With good quality tyres with high TPI sidewalls, you get great terrain compliance at low pressures. The drag actually reduces. Schwalbe did a lot of testing on Crr for off road tyres at different pressures and published their findings to that effect - I'll have a dig around and see if I can find it. I never go above 25-30 off road, even in dry conditions, unless it's very rocky, but even then I won't go much above. Have a play, you'll be astounded how much grip there is to be found.

I run latex tubes rather than tubeless, but the guys racing on tubeless that I know all use similar pressures to me.


----------



## Crackle (14 Nov 2013)

I will, especially as I was using some quite old Velociraptors.


----------



## VamP (14 Nov 2013)

Crackle said:


> I will, especially as I was using some quite old Velociraptors.


 
I can't find the whole study, but here is a reference with a summary of findings...


Edit: Ah no, here is the whole thing...


----------



## lukesdad (14 Nov 2013)

VamP said:


> Well in that case I have to strongly disagree.

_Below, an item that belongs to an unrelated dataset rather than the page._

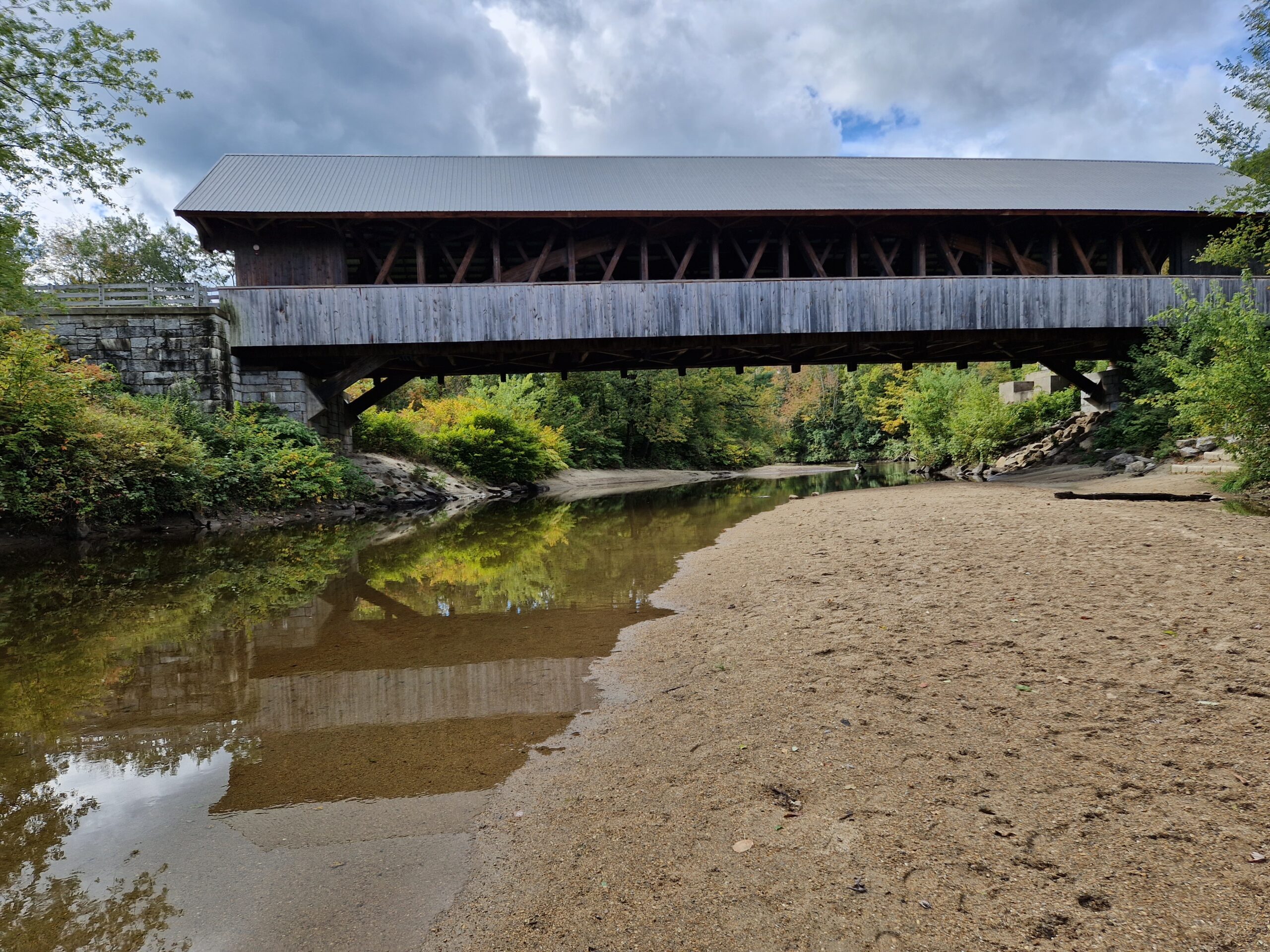 Via Dorchester rijden we richting Plymouth. Wat heel leuk is in deze periode zijn de versieringen die te maken hebben met Halloween. Pompoenen, poppen skeletten etc. Ook hier zien we steeds meer mooie herfstkleuren. Toevallig zien we op de kaart dat er vlak voor Plymouth een covered bridge te vinden is. We moeten een klein eindje omrijden, maar dat vinden we geen probleem en bovendien is de Smith Covered bridge erg mooi.

Lower pressures give more grip and better rolling resistance. The only reason to run high pressures off road is in very rocky environments to protect against punctures.


 


VamP said:


> I can't find the whole study, but here is a reference with a summary of findings...
> 
> 
> Edit: Ah no, here is the whole thing...


 
3 tyres the narrowest being 2.1 ( the widest I run is 1.95) and its a bit wishy washy with the terrrain is it on clay, chalk, deep sand ? I can't find the full study on either of those links Vamp


----------



## lukesdad (14 Nov 2013)

I'm just wondering how they can slate 1.7 @40+ psi XCers when they havn't even tested 'em ffs, don't ride schwalbes do you Vamp


----------



## VamP (14 Nov 2013)

The link works for me.

The surfaces are road, meadow and gravel but the methodology is described in full.

Works for narrower tyres too. Standard cyclocross racing pressures 20 to 30 psi, the top guys go as low as 18.


----------